Your instructions ▸ A faithful copy of the entries, without any pictures, is what is needed here.

Records provided ▸

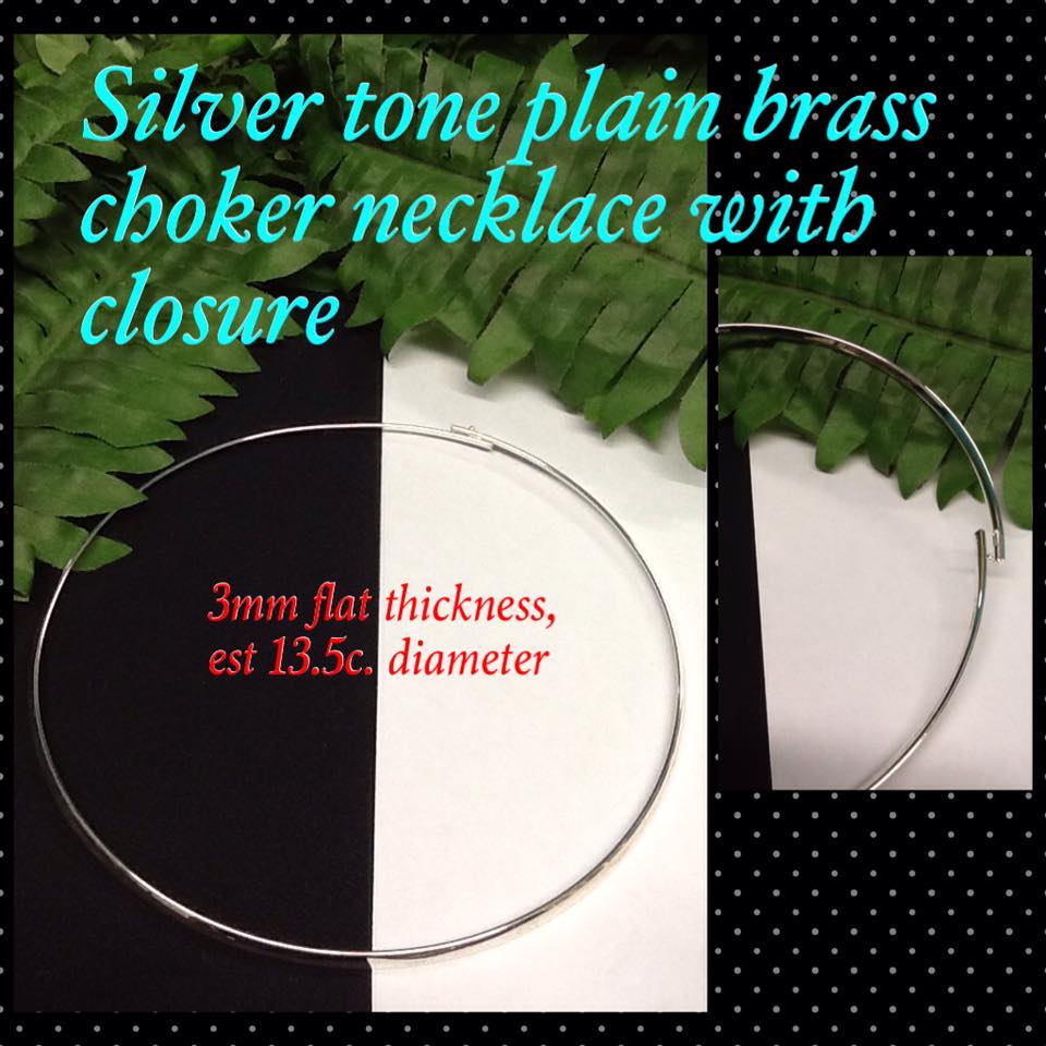 3mm Silver tone plain brass choker necklace with closure
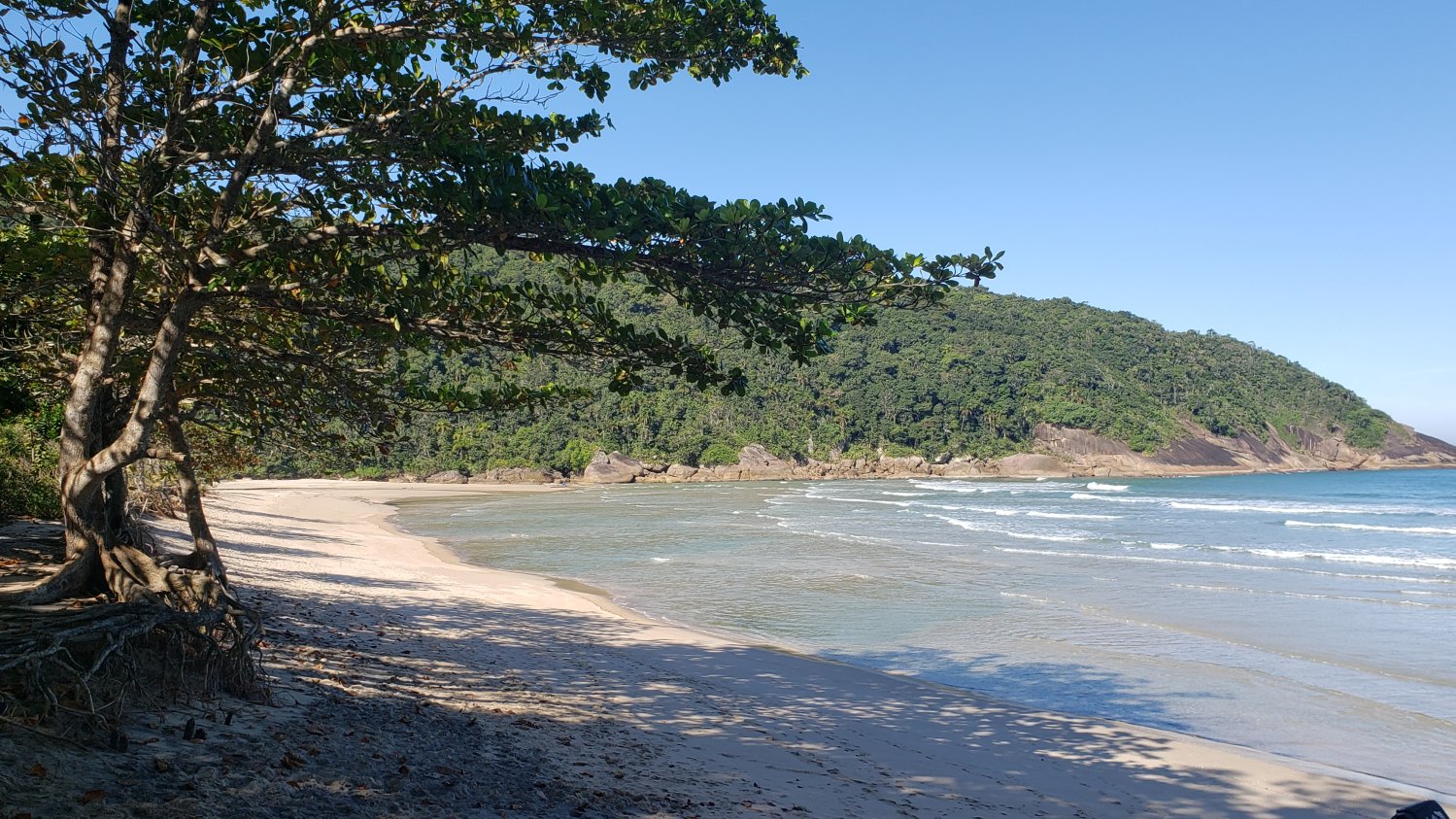 Finalmente descansados, colocamos as mochilas nas costas e começamos o que, para todos, foi o pior trecho da travessia toda, foram cerca de 3,5km com ganho de 400m, ao final. Descemos e chegamos na praia grande todos felizes em finalmente sair daquela área de mata praticamente sem vista alguma e conseguir admirar mais uma linda praia em que o nome inclusive já diz tudo, ela realmente é bem grande. Por conta do horário, mais ou menos 17h, decidimos tentar fechar algum camping por lá mesmo, falamos com o sobrinho da Dona Jandira, único camping da Praia Grande, que é o mesmo do bar que fica no fim da praia e nos dirigimos até lá.
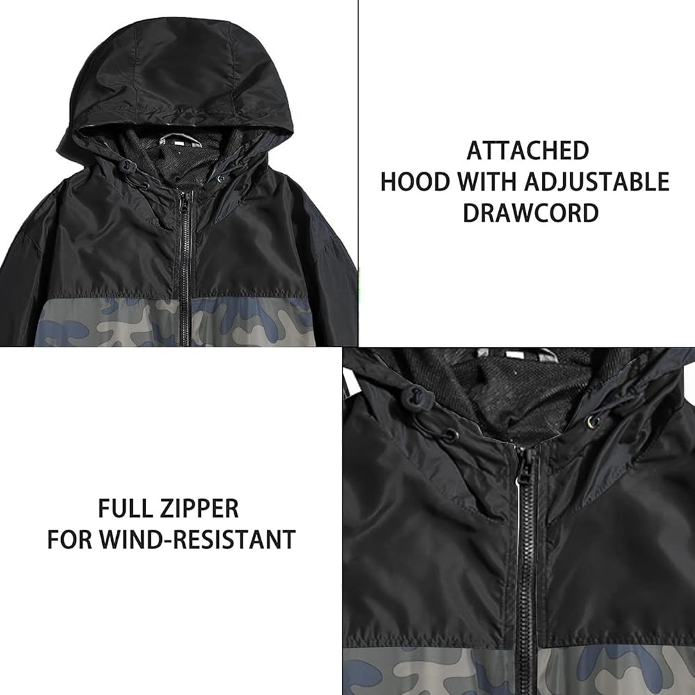 سترة واقية من الرياح خفيفة الوزن: سترة واقية من الرياح للرجال منسوجة من أقمشة خفيفة الوزن ومقاومة للرياح، مما يضمن ملاءمة مريحة دون إرهاقك. يسمح بالحركة غير المقيدة حتى في المطر الخفيف.
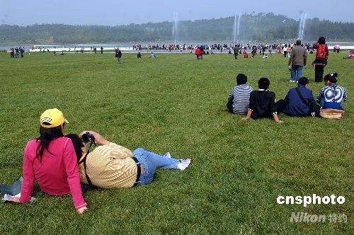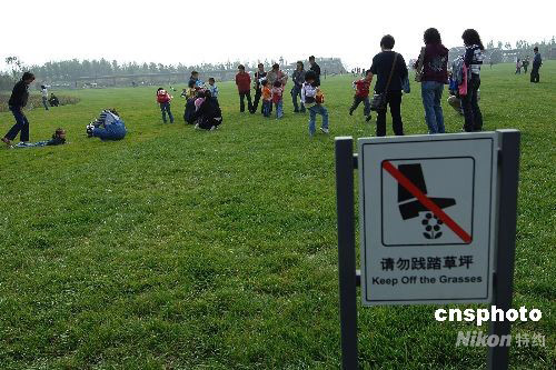 9月29日,北京奧林匹克森林公園露天劇場大草坪被迫準許游人進入休閑,草坪大面積遭到踐踏。北京殘奧會閉幕后,該草坪在禁止游人進入時,一直有游客違規強行進入,并不斷與保安人員發生沖突。鑒于近期警員、保安、志愿者紛紛休假離去,森林公園管理機構正式撤除了草坪阻攔線,默許游人在此行走,滯留。中新社發 鄒憲 攝
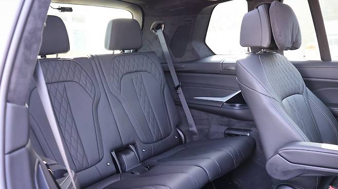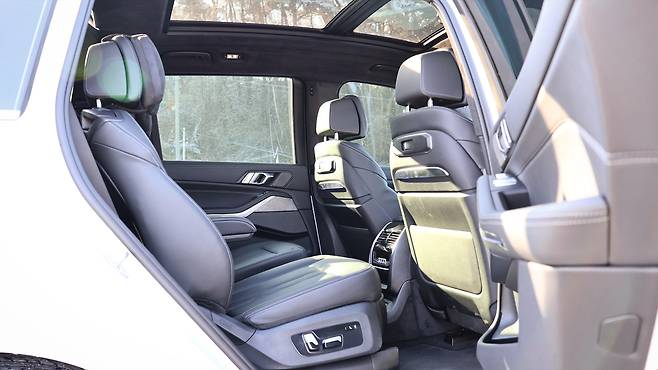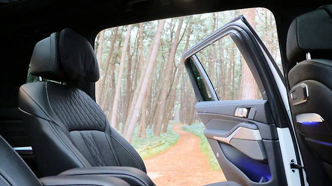플래그십 SUV 다운 고급감도 확실하다. 특히 DPE 트림에 제공되는 글로스 인테리어 트림은 중후하면서도 화려한 소재감이 특징이다. 크리스탈 기어 레버나 i드라이브 버튼은 정교함이 매력, 스포츠 레더 스티어링 휠은 편안한 그립감을 제공한다. 천장 전체는 알칸타라 헤드라이닝으로 안락하게 마감했다. 한편, 실내 전체를 장식하는 앰비언트 라이트는 주행 모드와도 연동된다. 디스플레이나 HUD 테마도 함께 변경되어 분위기를 반전시킨다. 1열 메리노 가죽시트는 포근한 탑승감을 제공하며, 통풍 열선은 물론 안마 기능까지 지원한다.
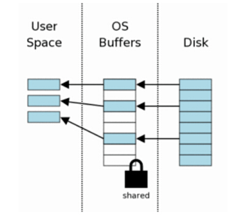当共享锁取得之后,我们就可以开始从数据库文件中读取信息了。在当前环节,我们已经假定了系统缓存是空的,所以信息必须首先从读硬盘读取到系统缓存中去,然后从系统缓存中传递到用户空间。针对之后的读取,部分或者全部数据都可能可以从操作系统缓存中取得,所以只需要传递到用户空间即可。
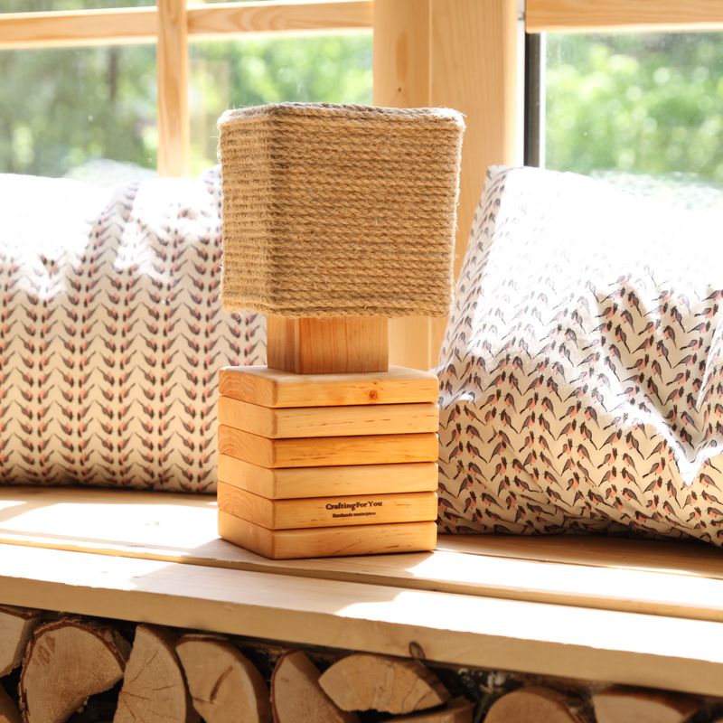 Our new item was made in an eco-style, using only natural components. Eco-style, like nature, does not recognize synthetic materials and complicated forms. This handmade “Sailors Lamp” has simple lines and romantic character. You can easily decorate your living room or bedroom. It will perfectly suit a stylized interior of private households as well as guesthouses, and restaurants. The base is made of natural pine. It is a warm, fantastic aroma material with a light color. The lampshade is made of natural jute rope. Rope provides unique cozy style, also brings warmth and elegance to your home. A directed and slightly muffled light will create an atmosphere of romance. It is completely ready for use: you just need to connect it. Please note: Each item is one of a kind, with unique grain colors, patterns, and textures: some lighter, some darker and some even a combination of both. Due to a unique appearance, your Sailor’s lamp may differ from those shown in the images. Characteristics: Bulb not included in the price. Cord: approx. 1.30m (50”) long has on/off switch Approximate size: 30 x 14 x 14 cm Plug type: EU type C plug (available US adapter on request) Works on all international voltage and electricity standards (from 100V to 240V)
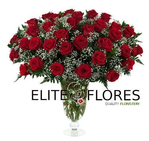 Elija treinta y tres rosas en un jarrón de capullos hasta una increíble exhibición de tres docenas de exuberantes rosas rojas

Result for this exercise ▸
 3mm Silver tone plain brass choker necklace with closure
 Finalmente descansados, colocamos as mochilas nas costas e começamos o que, para todos, foi o pior trecho da travessia toda, foram cerca de 3,5km com ganho de 400m, ao final. Descemos e chegamos na praia grande todos felizes em finalmente sair daquela área de mata praticamente sem vista alguma e conseguir admirar mais uma linda praia em que o nome inclusive já diz tudo, ela realmente é bem grande. Por conta do horário, mais ou menos 17h, decidimos tentar fechar algum camping por lá mesmo, falamos com o sobrinho da Dona Jandira, único camping da Praia Grande, que é o mesmo do bar que fica no fim da praia e nos dirigimos até lá.
 سترة واقية من الرياح خفيفة الوزن: سترة واقية من الرياح للرجال منسوجة من أقمشة خفيفة الوزن ومقاومة للرياح، مما يضمن ملاءمة مريحة دون إرهاقك. يسمح بالحركة غير المقيدة حتى في المطر الخفيف.
 9月29日,北京奧林匹克森林公園露天劇場大草坪被迫準許游人進入休閑,草坪大面積遭到踐踏。北京殘奧會閉幕后,該草坪在禁止游人進入時,一直有游客違規強行進入,并不斷與保安人員發生沖突。鑒于近期警員、保安、志愿者紛紛休假離去,森林公園管理機構正式撤除了草坪阻攔線,默許游人在此行走,滯留。中新社發 鄒憲 攝
플래그십 SUV 다운 고급감도 확실하다. 특히 DPE 트림에 제공되는 글로스 인테리어 트림은 중후하면서도 화려한 소재감이 특징이다. 크리스탈 기어 레버나 i드라이브 버튼은 정교함이 매력, 스포츠 레더 스티어링 휠은 편안한 그립감을 제공한다. 천장 전체는 알칸타라 헤드라이닝으로 안락하게 마감했다. 한편, 실내 전체를 장식하는 앰비언트 라이트는 주행 모드와도 연동된다. 디스플레이나 HUD 테마도 함께 변경되어 분위기를 반전시킨다. 1열 메리노 가죽시트는 포근한 탑승감을 제공하며, 통풍 열선은 물론 안마 기능까지 지원한다.
当共享锁取得之后,我们就可以开始从数据库文件中读取信息了。在当前环节,我们已经假定了系统缓存是空的,所以信息必须首先从读硬盘读取到系统缓存中去,然后从系统缓存中传递到用户空间。针对之后的读取,部分或者全部数据都可能可以从操作系统缓存中取得,所以只需要传递到用户空间即可。
 Our new item was made in an eco-style, using only natural components. Eco-style, like nature, does not recognize synthetic materials and complicated forms. This handmade “Sailors Lamp” has simple lines and romantic character. You can easily decorate your living room or bedroom. It will perfectly suit a stylized interior of private households as well as guesthouses, and restaurants. The base is made of natural pine. It is a warm, fantastic aroma material with a light color. The lampshade is made of natural jute rope. Rope provides unique cozy style, also brings warmth and elegance to your home. A directed and slightly muffled light will create an atmosphere of romance. It is completely ready for use: you just need to connect it. Please note: Each item is one of a kind, with unique grain colors, patterns, and textures: some lighter, some darker and some even a combination of both. Due to a unique appearance, your Sailor’s lamp may differ from those shown in the images. Characteristics: Bulb not included in the price. Cord: approx. 1.30m (50”) long has on/off switch Approximate size: 30 x 14 x 14 cm Plug type: EU type C plug (available US adapter on request) Works on all international voltage and electricity standards (from 100V to 240V)
 Elija treinta y tres rosas en un jarrón de capullos hasta una increíble exhibición de tres docenas de exuberantes rosas rojas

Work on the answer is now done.